In Farrell, 69 F.3d at 892-93, for example, we discussed 18 U.S.C. § 924(a)(2), which penalizes anyone who "knowingly violates" § 922(o)(1), which in turn prohibits the transfer or possession of a machine gun. In construing the word "knowingly," we held that it applied only to the conduct proscribed in § 922(o)(1), that is, the act of transferring or possessing a machine gun, and not to the illegal nature of those actions. A conviction under § 924(a)(2) therefore did not require proof that the defendant knew that his actions violated the law.

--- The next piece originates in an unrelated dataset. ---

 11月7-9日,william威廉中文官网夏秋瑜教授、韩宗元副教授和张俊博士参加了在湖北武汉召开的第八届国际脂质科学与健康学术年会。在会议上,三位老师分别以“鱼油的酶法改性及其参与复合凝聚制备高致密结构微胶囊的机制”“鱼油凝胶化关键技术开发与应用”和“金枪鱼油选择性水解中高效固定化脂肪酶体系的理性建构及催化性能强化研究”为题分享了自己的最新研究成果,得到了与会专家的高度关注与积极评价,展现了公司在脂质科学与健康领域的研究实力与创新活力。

We see no reason to depart from that commonly accepted construction in this case, and we therefore believe that in 33 U.S.C. § 1319(c)(2)(A), the word "knowingly" applies to the underlying conduct prohibited by the statute. Untangling the statutory provisions discussed above in order to define precisely the relevant underlying conduct, however, is not a little difficult. At first glance, the conduct in question might appear to be violating a permit limitation, which would imply that § 1319(c)(2)(A) requires proof that the defendant knew of the permit limitation and knew that he or she was violating it. To violate a permit limitation, however, one must engage in the conduct prohibited by that limitation. The permit is, in essence, another layer of regulation in the nature of a law, in this case, a law that applies only to Morrell. We therefore believe that the underlying conduct of which Sinskey must have had knowledge is the conduct that is prohibited by the permit, for example, that Morrell's discharges of ammonia nitrates were higher than one part per million in the summer of 1992. Given this interpretation of the statute, the government was not required to prove that Sinskey knew that his acts violated either the CWA or the NPDES permit, but merely that he was aware of the conduct that resulted in the permit's violation.

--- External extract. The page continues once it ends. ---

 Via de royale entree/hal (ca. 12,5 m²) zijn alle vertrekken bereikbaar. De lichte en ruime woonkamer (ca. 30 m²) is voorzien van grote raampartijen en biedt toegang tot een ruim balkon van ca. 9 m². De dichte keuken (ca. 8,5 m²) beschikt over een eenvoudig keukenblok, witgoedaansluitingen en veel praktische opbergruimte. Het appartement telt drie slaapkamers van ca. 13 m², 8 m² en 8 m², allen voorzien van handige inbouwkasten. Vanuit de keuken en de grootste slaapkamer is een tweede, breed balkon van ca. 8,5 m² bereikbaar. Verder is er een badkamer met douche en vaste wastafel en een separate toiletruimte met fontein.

This interpretation comports not only with our legal system's general recognition that ignorance of the law is no excuse, see Cheek v. United States, 498 U.S. 192, 199, 111 S.Ct. 604, 609, 112 L.Ed.2d 617 (1991), but also with Supreme Court interpretations of statutes containing similar language and structure. In United States v. International Minerals & Chemical Corp., 402 U.S. 558, 91 S.Ct. 1697, 29 L.Ed.2d 178 (1971), for example, the Court analyzed a statute that punished anyone who "knowingly violate[d]" certain regulations pertaining to the interstate shipment of hazardous materials. In holding that a conviction under the statute at issue did not require knowledge of the pertinent law, the Court reasoned that the statute's language was merely a shorthand designation for punishing anyone who knowingly committed the specific acts or omissions contemplated by the regulations at issue, and that the statute therefore required knowledge of the material facts but not the relevant...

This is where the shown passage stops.